Mendeleev's predicted elements

Dmitri Mendeleev published a periodic table of the chemical elements in 1869 based on properties that appeared with some regularity as he laid out the elements from lightest to heaviest.[1] When Mendeleev proposed his periodic table, he noted gaps in the table and predicted that as-then-unknown elements existed with properties appropriate to fill those gaps. He named them eka-boron, eka-aluminium and eka-silicon with atomic masses 44, 68 and 72 respectively.


To give provisional names to his predicted elements, Mendeleev used the prefixes eka-,[note 1] dvi-, and tri-, from the Sanskrit names of digits 1, 2, and 3,[3] depending upon whether the predicted element was one, two, or three places down from the known element of the same group in his table. For example, germanium was called eka-silicon until its discovery in 1886, and rhenium was called dvi-manganese before its discovery in 1926.

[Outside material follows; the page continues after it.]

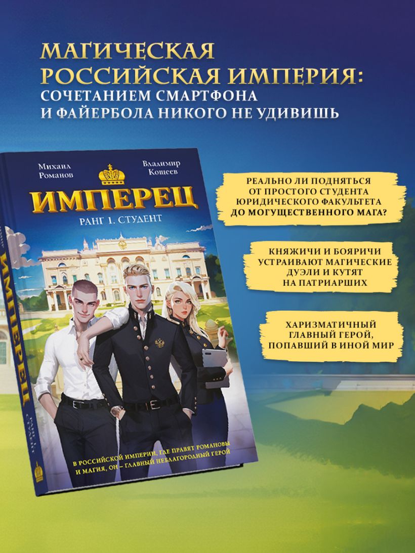 Российская империя под скипетром Романовых сильна, как никогда. Сочетанием смартфона и файербола никого не удивишь. Княжичи и бояричи гоняют на дорогих авто, устраивают магические дуэли и кутят на Патриках. И тут на юридическом факультете императорского университета появляется безродный выскочка с максимальным магическим резервом. Парень с глазами ветерана. Человек, привлекающий внимание аристократов, спецслужб… и красавиц. Имперец.
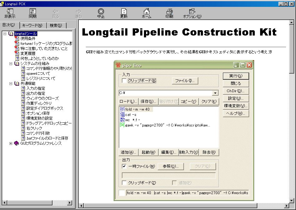| PCK(Pipeline Construction Kit)というWindowsアプリケーションを利用すると、WindowsからRubyのユーザスクリプトを実行することができます PCKの入手方法は、「フリーソフトウェア」をご覧下さい PCKをインストールすると、指定したフォルダ(標準では「longtail」フォルダ)内に数十個のexeファイルが作成されます、以下はその中の、「longtail.chm」というヘルプファイルの画面です PCKの概要や操作方法などに目を通しておいて下さい |

The eka- prefix was used by other theorists, and not only in Mendeleev's own predictions. Before the discovery, francium was referred to as eka-caesium, and astatine as eka-iodine. Sometimes, eka- is still used to refer to some of the transuranic elements, for example, eka-actinium (or dvi-lanthanum) for unbiunium. But current official IUPAC practice is to use a systematic element name based on the atomic number of the element as the provisional name, instead of being based on its position in the periodic table as these prefixes require.